- DIRECTIONS FOR THIS TASK -
Aim for an exact copy of the listing, without any images.

DATA START

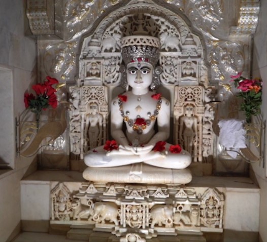White-colored idol of Bhagawan Adishvar in the Padmasana posture.
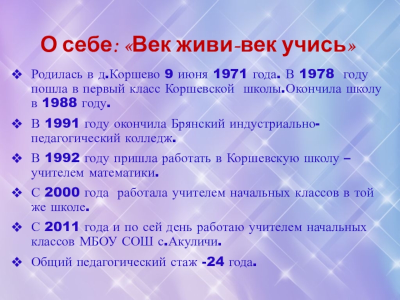 В 1978 году пошла в первый класс Коршевской школы.Окончила школу в 1988 году.
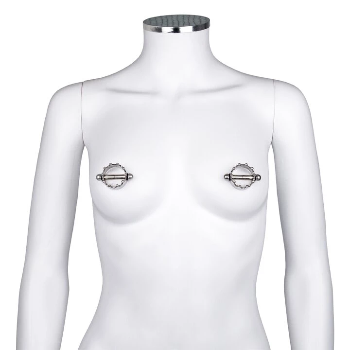 To place, separate the magnetic bars and put the crown over the nipple area. Slide the bar magnets into position and release to unleash the intense pinching pressure onto your willing submissive.Β
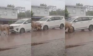 During this time, when he was going from the airport to his in-laws’ house in Sundar Nagar by road with his convoy, a running cow collided with a car in his convoy. In the viral video, a policeman is seen standing on the road for security. But he too could not do anything because the cow suddenly entered the convoy from the other end of the road. It was a good coincidence that a major accident did not happen.

DATA END

- RESPONSE FOR THIS EXERCISE -
White-colored idol of Bhagawan Adishvar in the Padmasana posture.
 В 1978 году пошла в первый класс Коршевской школы.Окончила школу в 1988 году.
 To place, separate the magnetic bars and put the crown over the nipple area. Slide the bar magnets into position and release to unleash the intense pinching pressure onto your willing submissive.Β
 During this time, when he was going from the airport to his in-laws’ house in Sundar Nagar by road with his convoy, a running cow collided with a car in his convoy. In the viral video, a policeman is seen standing on the road for security. But he too could not do anything because the cow suddenly entered the convoy from the other end of the road. It was a good coincidence that a major accident did not happen.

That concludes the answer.